Situatieschets: Construeer een driehoek ΔABC als gegeven is, ∠A en de deellijn da uit hoek A.
Mijn bevindingen: Zoals in bijgaande figuur is te zien, bepaalde ik de cirkelboog van waaruit men de zijde a onder de gegeven hoek ∠A kan zien. De middelloodlijn van BC snijdt de omgeschreven cirkel van ΔABC in E (zie figuur). Het is evident dat de bg(BE) bg(CE) alsook BE = CE. Het verlengde van de gezochte deellijn da uit A zal dus door E gaan.
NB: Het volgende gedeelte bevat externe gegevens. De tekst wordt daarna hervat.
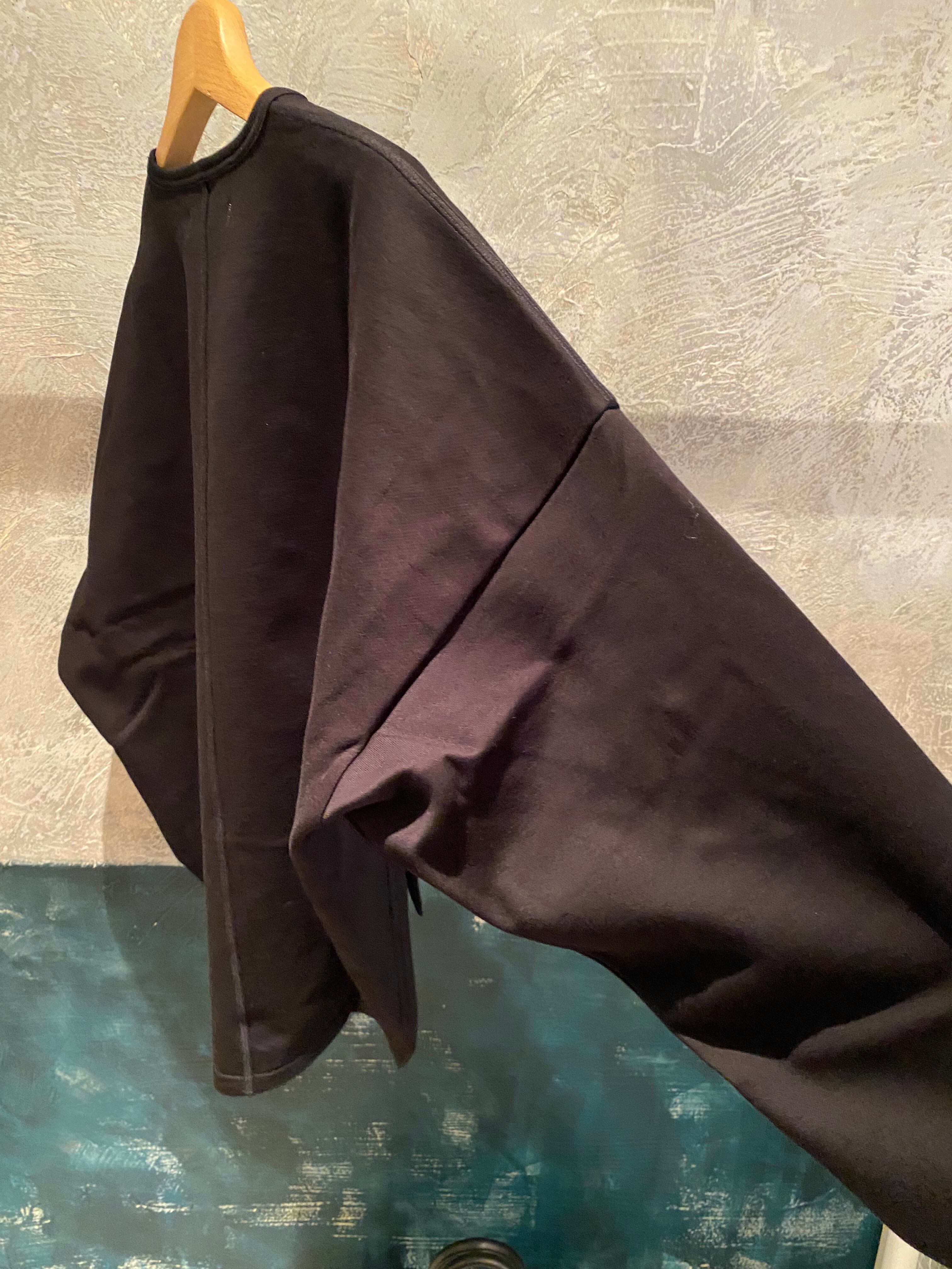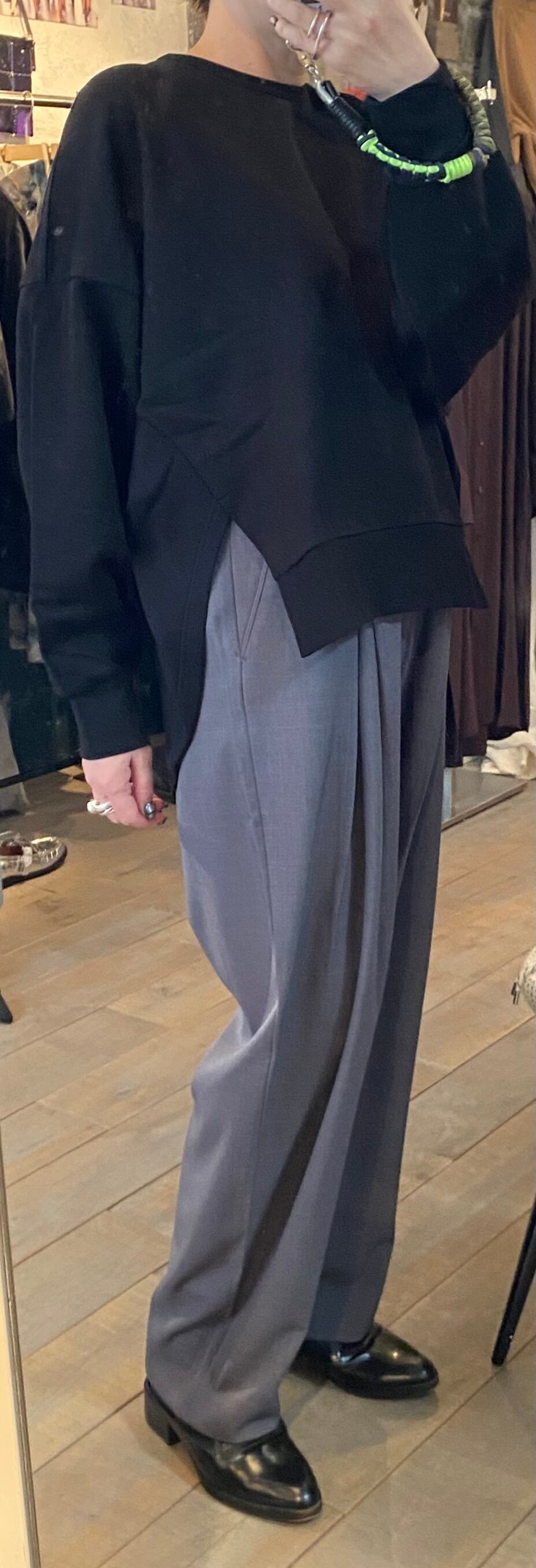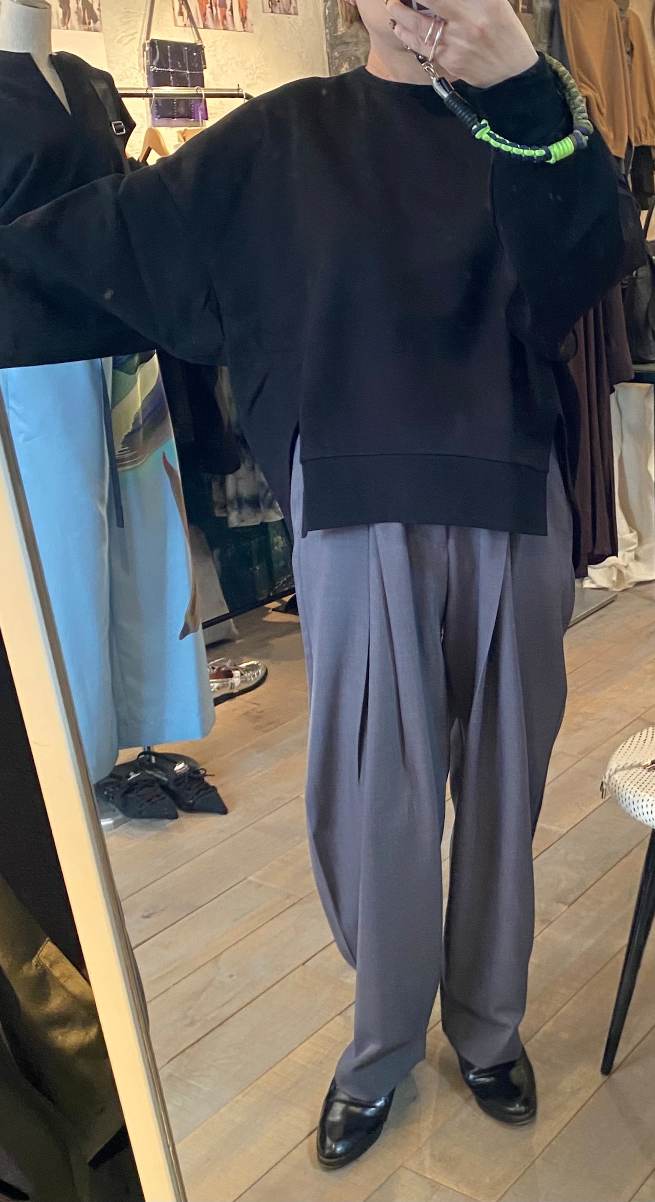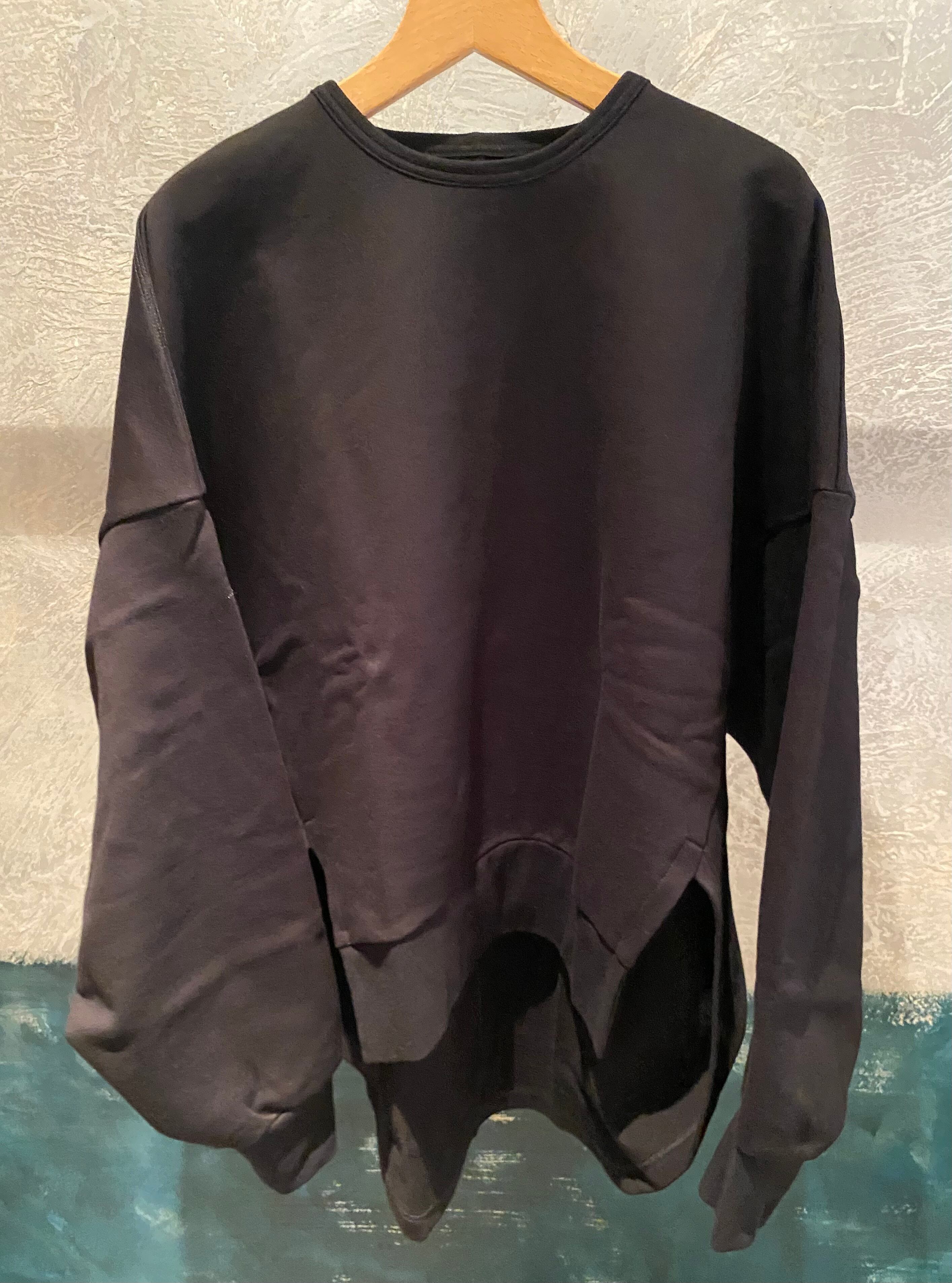 綿の柔らかな風合いは残しつつ、シルケット加工によりキレイに仕上げた裏毛素材です。表は毛羽が少なく光沢のある滑らかさが特徴です。ソフトなタッチとクリアな表情感のある生地です。前後段差をつけた着丈と、後ろ裾のラウンドにカッティングされたスワローテイルが特徴のプルオーバー。何とでも合わせさすいヘビロテアイテムです♪

Om echter A te kunnen vastleggen zodanig dat da de opgegeven lengte heeft, dient men echter het punt D juist te lokaliseren op BC. Het is nu precies daar waar ik vast loop. Ik dacht o.a. aan de bissectricestelling, da2 = AB.AC - BD.CD, aan de koordenvierhoek ABEC, een verhouding zoeken met een 4e evenredige, enz... wellicht zie ik hier iets over het hoofd.
Ik kwam er wel achter dat er maximaal 2 oplossingen kunnen zijn, soms maar één en als da $>$ a/2 · cotg(∠A/2) is er zelfs geen oplossing.
VRAAG: Graag had ik een tip gekregen om de juiste positie van het punt D gelegen op BC vast te leggen. Mijn oprechte dank voor jullie tussenkomst!